Reference genome compatibility is one of the features of BEDbase. Each file that is uploaded to the database is being processed by BEDboss pipline that allows to calculate reference genome compatibility with multiple reference genomes.

On the bedbase UI user can find comparison of the BED compatibility with most popular reference genomes.

Compatibility is assessed by 3 criteria:

  • XS (Sensitivity/Recall of Chrom Names),
  • OOBR (Sensitivity/Recall of Chrom Lengths),
  • SF (Specificity of Chrom Names with Respect to Sequence Lengths).
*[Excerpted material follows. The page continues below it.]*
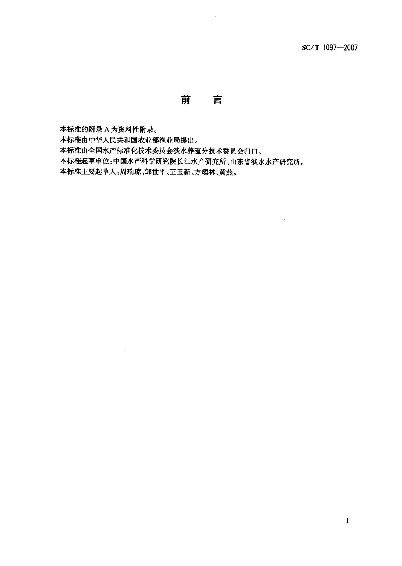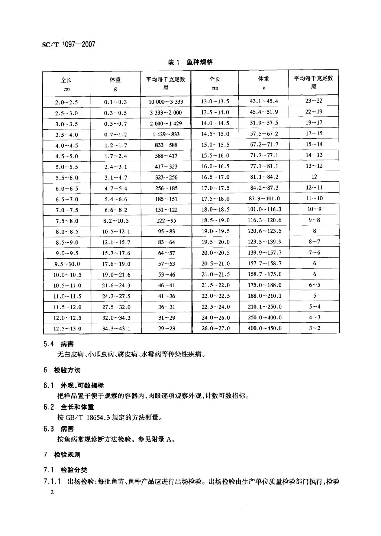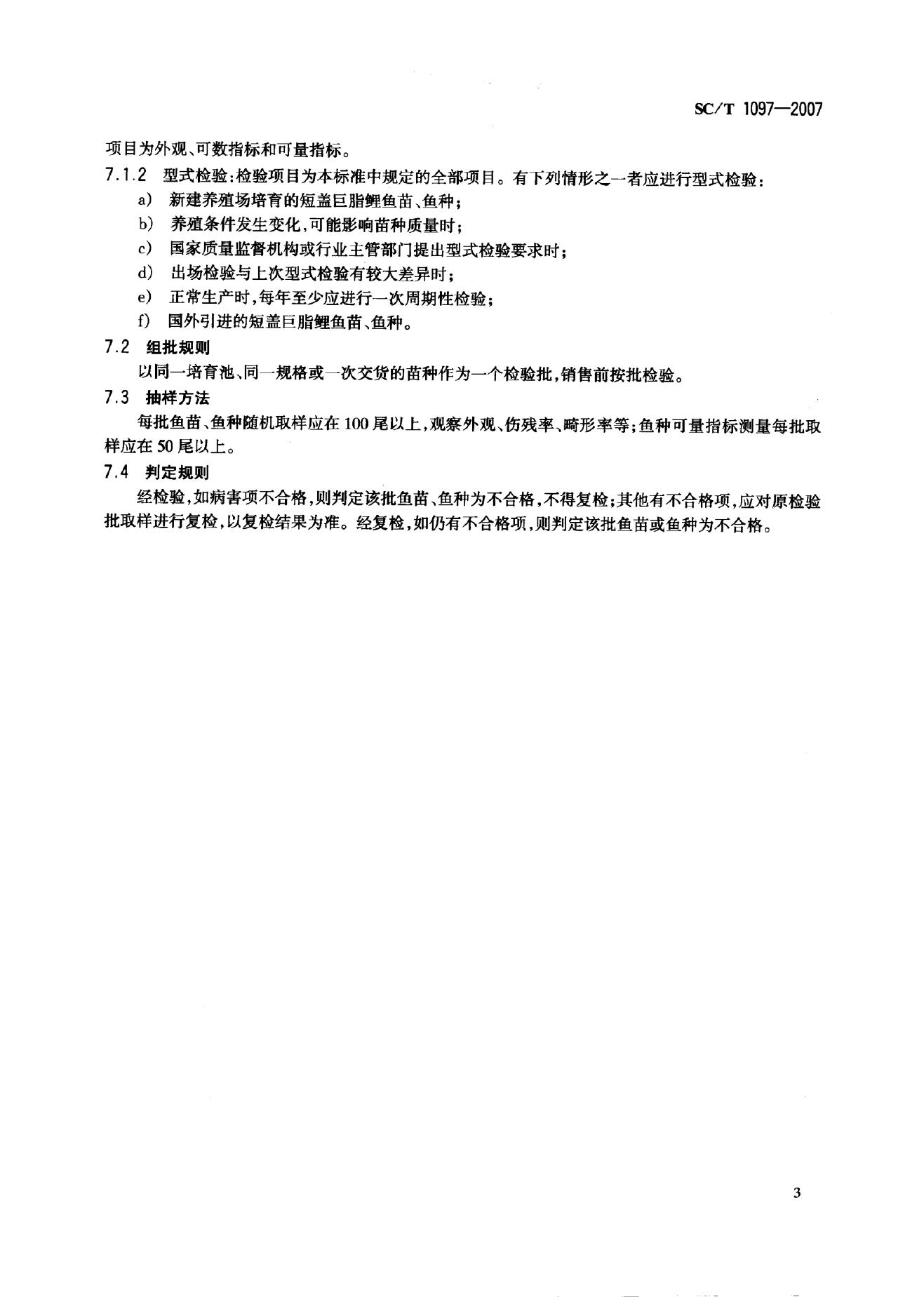 SC/T 1097-2007 短盖巨脂鲤 鱼苗、鱼种
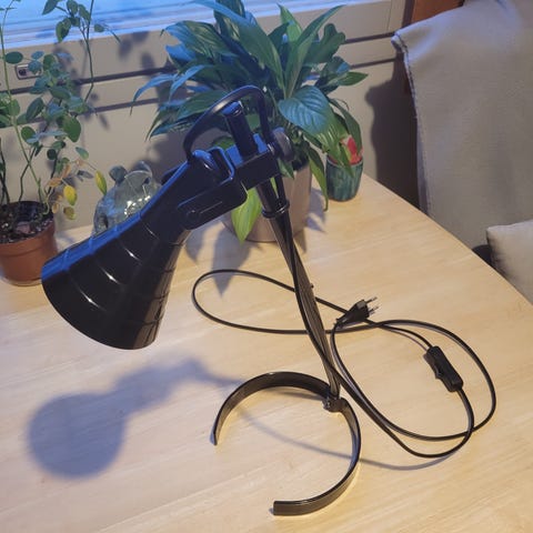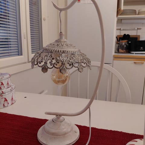 Pöytävalaisin/sisustusvalaisin, jossa valkea varjostin ja runko kromia. Korkeus 46 cm ja varjostimen alahalkaisija 20 cm. Johdon pituus 155 cm ja katkaisimen etäisyys valaisimesta 60 cm.

After these 3 main statistics are calculated, the tiers are assigned by taking into consideration each score.

The tiers are:

  • TIER 1: Excellent
  • TIER 2: Good
  • TIER 3: Medium
  • TIER 4: Poor

đŸŸĸ Quantitatively Assess Name Overlaps (XS)

XS Figure

True Positive (TP): Sequence name is in both the query and the reference

False negative (FN): Sequence name is in the query but not in the reference.

XS Figure 2


đŸŸĸ Out of Bounds Regions (OOBS)

OOBR Figure

True Positive (TP): Query region is contained within the reference sequence

False Negative (FN): Query region extends beyond the reference sequence

OOBR Figure 2


đŸŸĸ Sequence Fit (SF)

SF Figure

Sequence fit is similar to the concept of precision where P=TP/(TP+FP) and we define:

True Positive (TP): Sequence Name in Query is within the Reference

False Positive (FP): Sequence Name is within the Reference but NOT within the Query.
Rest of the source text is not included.